**DATA EXCERPT:**
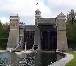 | Canal du Centre boat lifts | Hainaut, Belgium | 1888–1917 | Vertical caisson | 360 tons/350 tons | 40.1 m × 5.06 m × 2 m 132 ft × 17 ft × 7 ft |
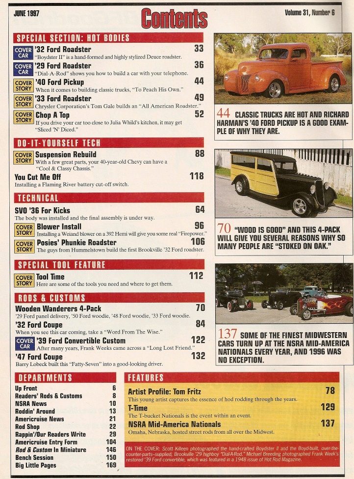 Reviews ROD & CUSTOM 1997 JUNE - TOM FRITZ, CHOP A 1938 FORD SEDAN, BLOWER INSTALLED
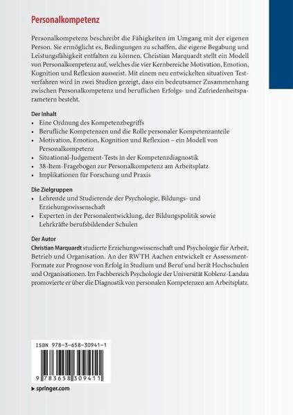 Personalkompetenz beschreibt die Fähigkeiten im Umgang mit der eigenen Person. Sie ermöglicht es, Bedingungen zu schaffen, die eigene Begabung und Leistungsfähigkeit entfalten zu können. Christian Marquardt stellt ein Modell von Personalkompetenz auf, welches die vier Kernbereiche Motivation, Emotion, Kognition und Reflexion ausweist. Mit einem neu entwickelten situativen Testverfahren wird in zwei Studien gezeigt, dass ein bedeutsamer Zusammenhang zwischen Personalkompetenz und beruflichen Erfolgs- und Zufriedenheitsparametern besteht.
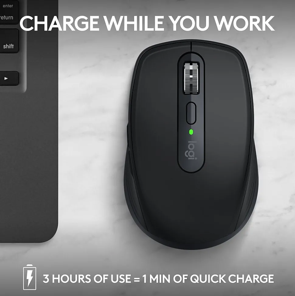 Introducing the Logitech MX Anywhere 3S, a beloved compact wireless mouse with next-level precision and control. Now with Quiet Click buttons that deliver a satisfying tactile feel with less click noise (compared to MX Anywhere 3). The MX Anywhere 3S also comes with an 8000 dpi optical sensor for next-gen responsiveness on any surface, including glass (0.16″ minimum glass thickness). MagSpeed electromagnetic scrolling delivers remarkable speed, precision, and near silence, with the ability to scroll 1000 lines per second. The low-profile design is contoured for your hand. The Logi Options+ app enables Flow cross-computer control and introduces more customizations than ever. The MX Anywhere 3S stays powered up to 70 days on a full charge and delivers three hours of use from a one-minute quick charge.

**WHAT TO DO:** The whole listing above, word for word: repeat it with the pictures excluded.

**SOLUTION FOR THIS EXERCISE:**
 | Canal du Centre boat lifts | Hainaut, Belgium | 1888–1917 | Vertical caisson | 360 tons/350 tons | 40.1 m × 5.06 m × 2 m 132 ft × 17 ft × 7 ft |
 Reviews ROD & CUSTOM 1997 JUNE - TOM FRITZ, CHOP A 1938 FORD SEDAN, BLOWER INSTALLED
 Personalkompetenz beschreibt die Fähigkeiten im Umgang mit der eigenen Person. Sie ermöglicht es, Bedingungen zu schaffen, die eigene Begabung und Leistungsfähigkeit entfalten zu können. Christian Marquardt stellt ein Modell von Personalkompetenz auf, welches die vier Kernbereiche Motivation, Emotion, Kognition und Reflexion ausweist. Mit einem neu entwickelten situativen Testverfahren wird in zwei Studien gezeigt, dass ein bedeutsamer Zusammenhang zwischen Personalkompetenz und beruflichen Erfolgs- und Zufriedenheitsparametern besteht.
 Introducing the Logitech MX Anywhere 3S, a beloved compact wireless mouse with next-level precision and control. Now with Quiet Click buttons that deliver a satisfying tactile feel with less click noise (compared to MX Anywhere 3). The MX Anywhere 3S also comes with an 8000 dpi optical sensor for next-gen responsiveness on any surface, including glass (0.16″ minimum glass thickness). MagSpeed electromagnetic scrolling delivers remarkable speed, precision, and near silence, with the ability to scroll 1000 lines per second. The low-profile design is contoured for your hand. The Logi Options+ app enables Flow cross-computer control and introduces more customizations than ever. The MX Anywhere 3S stays powered up to 70 days on a full charge and delivers three hours of use from a one-minute quick charge.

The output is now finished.